Work instruction>
Transcribe the entries below exactly, starting with the line that has "手を取り合い、舞うふたりを包む優しい風をイメージしたリングです。" and stopping after the line that has "A couple of"; no pictures belong in the copy.

◆ ◆ ◆

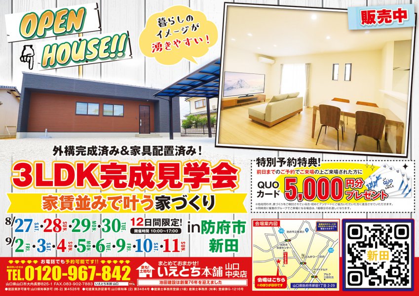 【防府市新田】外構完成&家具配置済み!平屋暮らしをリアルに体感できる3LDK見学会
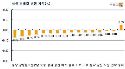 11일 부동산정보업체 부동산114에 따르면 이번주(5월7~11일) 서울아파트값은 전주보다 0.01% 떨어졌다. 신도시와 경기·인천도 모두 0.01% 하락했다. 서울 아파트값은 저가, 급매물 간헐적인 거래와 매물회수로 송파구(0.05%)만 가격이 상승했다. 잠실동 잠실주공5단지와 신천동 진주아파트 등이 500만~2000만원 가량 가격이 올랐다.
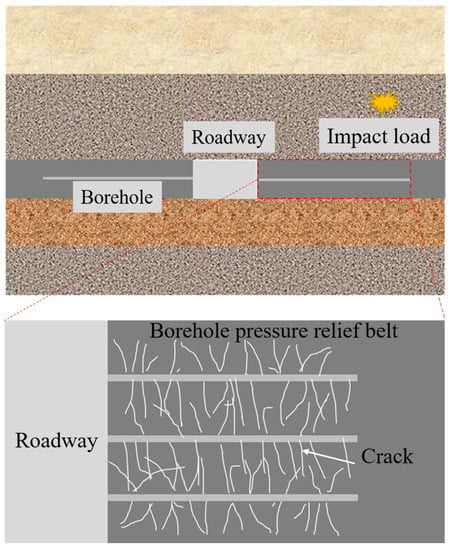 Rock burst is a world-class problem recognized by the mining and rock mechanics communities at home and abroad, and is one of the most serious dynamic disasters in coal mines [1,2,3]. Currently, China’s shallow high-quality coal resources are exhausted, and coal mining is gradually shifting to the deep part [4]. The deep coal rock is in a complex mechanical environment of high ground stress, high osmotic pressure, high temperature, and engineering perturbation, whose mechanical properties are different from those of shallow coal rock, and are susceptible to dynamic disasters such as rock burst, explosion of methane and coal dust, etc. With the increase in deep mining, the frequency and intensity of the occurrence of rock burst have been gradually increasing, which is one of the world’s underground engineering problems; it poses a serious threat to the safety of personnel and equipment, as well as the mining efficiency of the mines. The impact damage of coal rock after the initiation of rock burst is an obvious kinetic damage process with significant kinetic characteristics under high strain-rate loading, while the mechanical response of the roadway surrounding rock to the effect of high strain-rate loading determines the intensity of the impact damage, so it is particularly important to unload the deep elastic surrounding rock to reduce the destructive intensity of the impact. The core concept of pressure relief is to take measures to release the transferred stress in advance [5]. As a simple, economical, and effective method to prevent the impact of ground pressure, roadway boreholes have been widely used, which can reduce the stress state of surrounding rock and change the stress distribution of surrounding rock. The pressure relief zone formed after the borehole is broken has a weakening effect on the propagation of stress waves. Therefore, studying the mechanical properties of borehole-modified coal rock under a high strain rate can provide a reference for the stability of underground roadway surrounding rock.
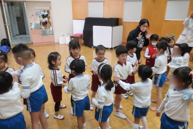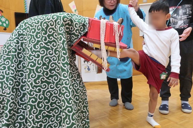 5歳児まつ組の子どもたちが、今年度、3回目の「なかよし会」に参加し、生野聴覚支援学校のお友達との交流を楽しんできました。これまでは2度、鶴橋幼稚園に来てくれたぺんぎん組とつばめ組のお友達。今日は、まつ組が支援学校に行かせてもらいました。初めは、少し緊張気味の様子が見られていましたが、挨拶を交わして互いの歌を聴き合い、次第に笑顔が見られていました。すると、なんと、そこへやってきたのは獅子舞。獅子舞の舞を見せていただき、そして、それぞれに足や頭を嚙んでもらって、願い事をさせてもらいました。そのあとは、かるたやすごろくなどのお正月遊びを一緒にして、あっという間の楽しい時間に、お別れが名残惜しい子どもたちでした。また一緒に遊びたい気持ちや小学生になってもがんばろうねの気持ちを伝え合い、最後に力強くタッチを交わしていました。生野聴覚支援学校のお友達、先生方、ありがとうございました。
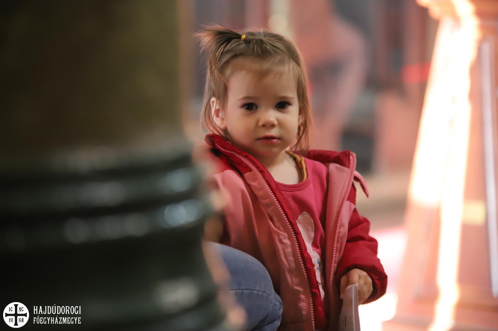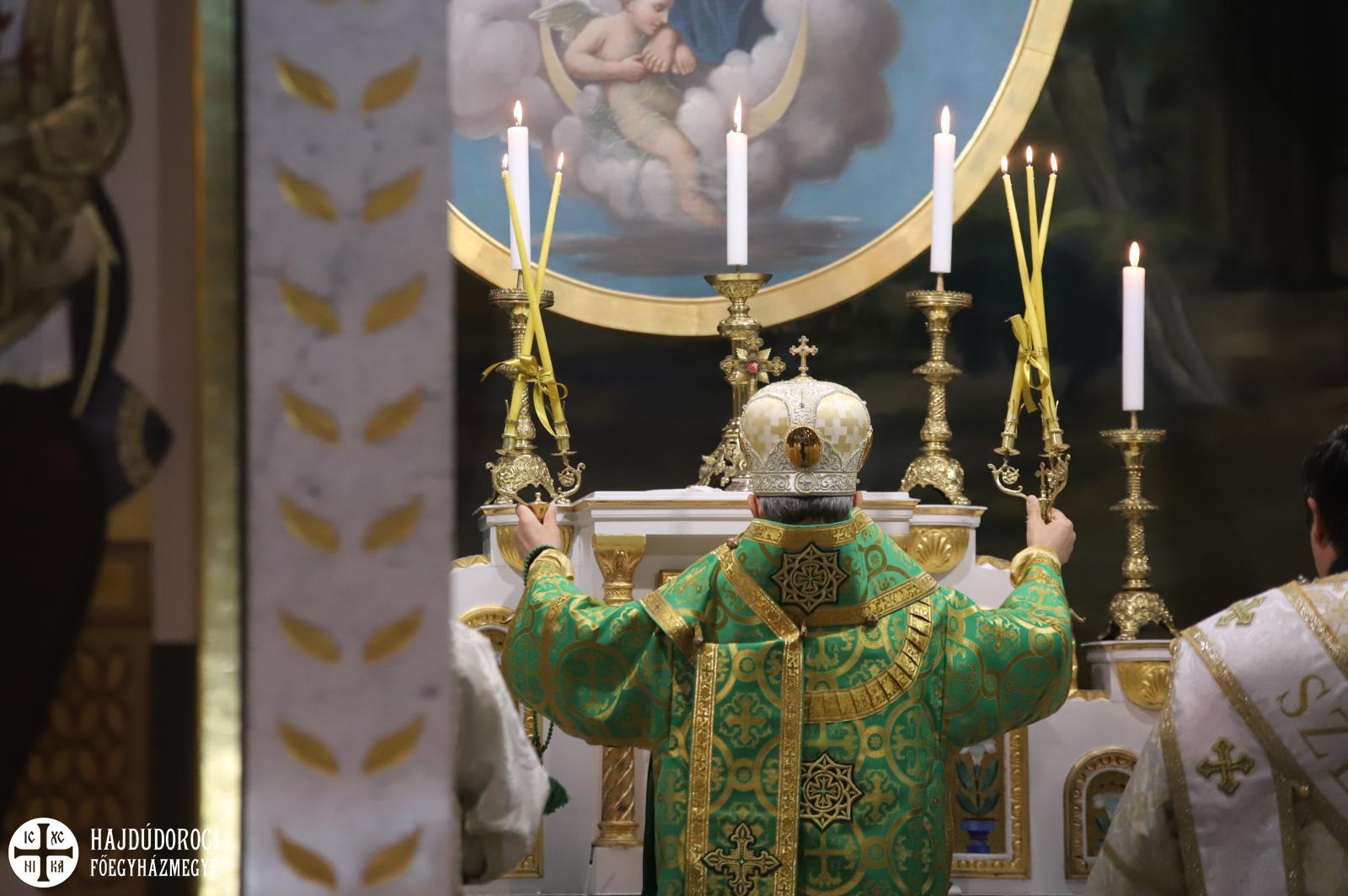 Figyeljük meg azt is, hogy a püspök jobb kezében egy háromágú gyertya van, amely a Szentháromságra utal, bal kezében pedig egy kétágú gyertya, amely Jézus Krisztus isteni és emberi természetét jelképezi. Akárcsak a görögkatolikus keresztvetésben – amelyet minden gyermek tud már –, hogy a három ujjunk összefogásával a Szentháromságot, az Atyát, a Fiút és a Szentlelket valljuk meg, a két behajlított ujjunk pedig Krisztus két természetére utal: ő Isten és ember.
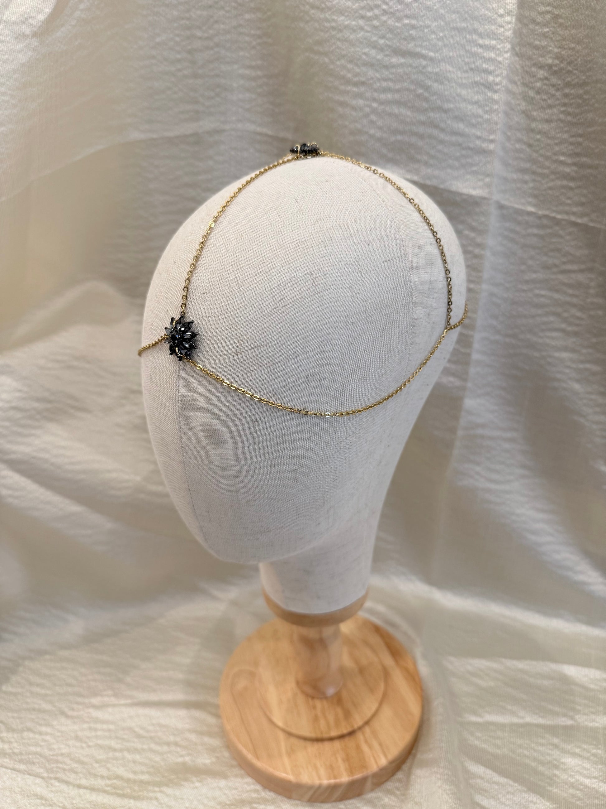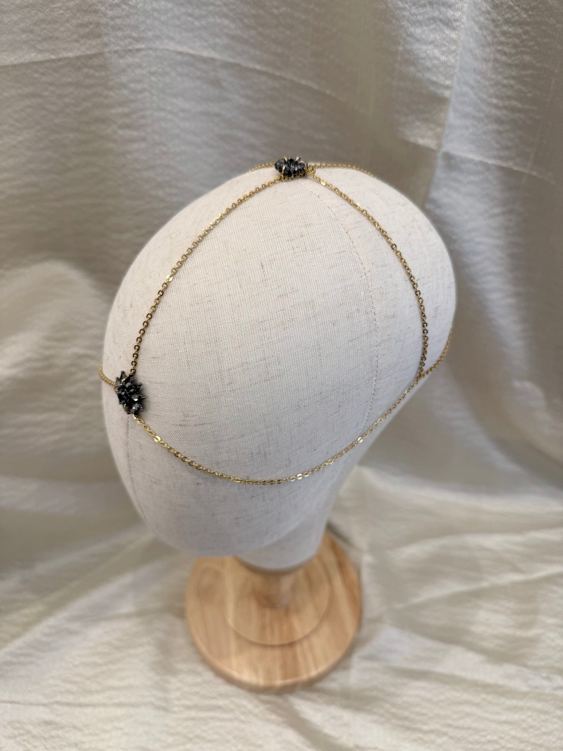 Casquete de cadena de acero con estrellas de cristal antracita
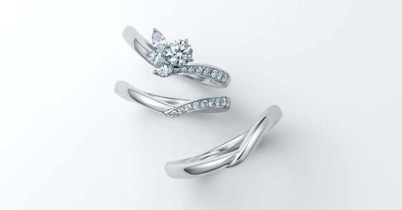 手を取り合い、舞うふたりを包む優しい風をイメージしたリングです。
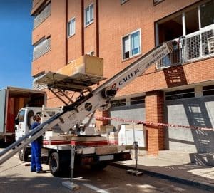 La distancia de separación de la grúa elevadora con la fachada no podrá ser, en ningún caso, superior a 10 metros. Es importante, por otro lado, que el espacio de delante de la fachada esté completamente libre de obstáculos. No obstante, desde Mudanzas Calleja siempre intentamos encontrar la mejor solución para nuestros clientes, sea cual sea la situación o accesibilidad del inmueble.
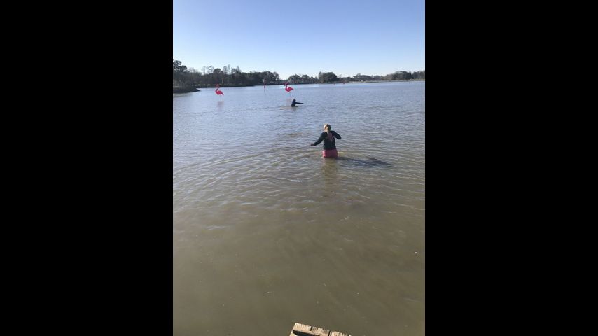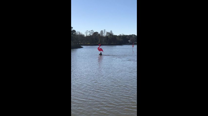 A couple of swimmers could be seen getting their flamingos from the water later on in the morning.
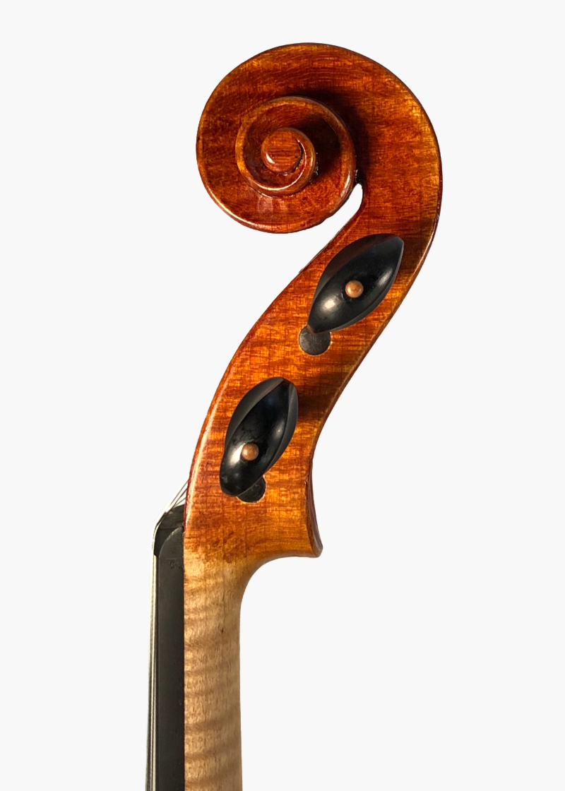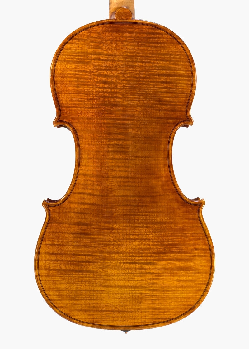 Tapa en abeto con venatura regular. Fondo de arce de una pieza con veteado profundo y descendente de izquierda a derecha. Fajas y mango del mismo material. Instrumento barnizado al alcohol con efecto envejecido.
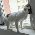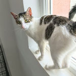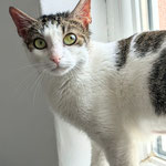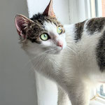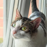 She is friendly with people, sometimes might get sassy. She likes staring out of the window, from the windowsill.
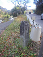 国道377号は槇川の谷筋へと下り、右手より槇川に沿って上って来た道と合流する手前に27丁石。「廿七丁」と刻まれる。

◆ ◆ ◆

Exercise output>
 手を取り合い、舞うふたりを包む優しい風をイメージしたリングです。
 La distancia de separación de la grúa elevadora con la fachada no podrá ser, en ningún caso, superior a 10 metros. Es importante, por otro lado, que el espacio de delante de la fachada esté completamente libre de obstáculos. No obstante, desde Mudanzas Calleja siempre intentamos encontrar la mejor solución para nuestros clientes, sea cual sea la situación o accesibilidad del inmueble.
 A couple of swimmers could be seen getting their flamingos from the water later on in the morning.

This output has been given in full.